I realized last night while cooking dinner that it’s over , this struggle, this fight to somehow prove to my mom that I am worthy of her love , affection and trust .  This deep desire to belong to this family , is over .  No more trying so hard to be perfect, to cook the perfect dish for birthdays and holidays.  No more trying to sell myself to a family who clearly has never truly accepted me as one of them .  As I cook my creamy potato cheese soup I think of mom , how she loved this soup and how I will never again cook her another meal .  I will never again try to prove my worth to any of them again .  Sacrifice my health and well being to somehow get a smile or the reaction that only in my mind means I am accepted as one them.  Every visit with them results in a score , we rate the visits like the Olympics . Score cards showing how this visit rates and I’m usually saying , oh they seem nicer or kinder this time . Hoping that somehow , someway,  I have managed to convince them that I am worthy of their love and trust . 
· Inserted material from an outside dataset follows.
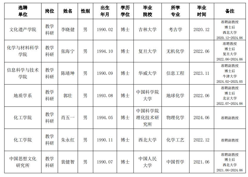经用人单位推荐,人力资源部审查,学校教学督导及院系相关专家考核,学校教师高级职务特别评审,云博app官方在线入口拟确定下列人员来校工作,聘任方式为事业编特别选聘。本着公平、公正、公开的原则,现将本次拟选聘人员基本情况公示如下:

A GIANT burden has been lifted off my shoulders since mom has died.  The game is over , nobody won. Truthfully I am the biggest loser .  It is now clear,  they really just don’t trust me as they do their own blood related family .  If you were here and could see the way they acted and looked at me while my own mom was dying you’d understand why I felt I was intruding on their private and personal journey of watching mom die .  I was a stranger amongst them , not even appreciated like the paid caretakers were.  I have never felt so alone and lost in my life as I did in the hours before mom died.   At one point we were all standing around mom and I let my niece find a spot around her bed.  She looked at me and said no, you can stand here...shes your mother.  I paused, and had no answer or reaction to that.  I thought, oh...you really had to say that out loud, that she is my mother too?  Did you just realize that after 32 years of life?   
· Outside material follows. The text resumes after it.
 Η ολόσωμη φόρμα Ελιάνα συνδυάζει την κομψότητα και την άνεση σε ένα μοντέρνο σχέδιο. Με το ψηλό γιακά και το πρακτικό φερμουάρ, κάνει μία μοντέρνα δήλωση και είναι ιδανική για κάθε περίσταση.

I realized as I wiped away my tears and served moms favorite soup ( from scratch ) last night, that the fight is over.  My dearest husband said to me "Dear" you have been married to me for 35 years, longer than you lived with your parents.  I am your family and so are our children.  We debated the issue, and it was clear to me last night for the first time, that mom really never was able to bond with me, or have the same feelings about me as she did her own birth child.  She wanted to have those feelings about me, but never could force herself to feel it. Its over now, the fight to try and win her over, to force her to have the same feelings about me, is absolutely over.  I will never be put in that situation again.  I will never feel like an intruder again with their family, the odd man out.   I realized last night that I dont have the same love for my own mom as the others do, not becusae I didnt try, and not because I didnt want that wonderful feeling of belonging to my mom,  but because she has failed me her entire life.  It is my moms fault and no fault of mine, and somehow I have to accept this hearbreaking reality and keep breathing and living each day.  Some mornings I wake up and cant believe I will never get another chance to make it right with mom, but I also have found comfort in knowing the fight to belong to her and the rest of my family is over.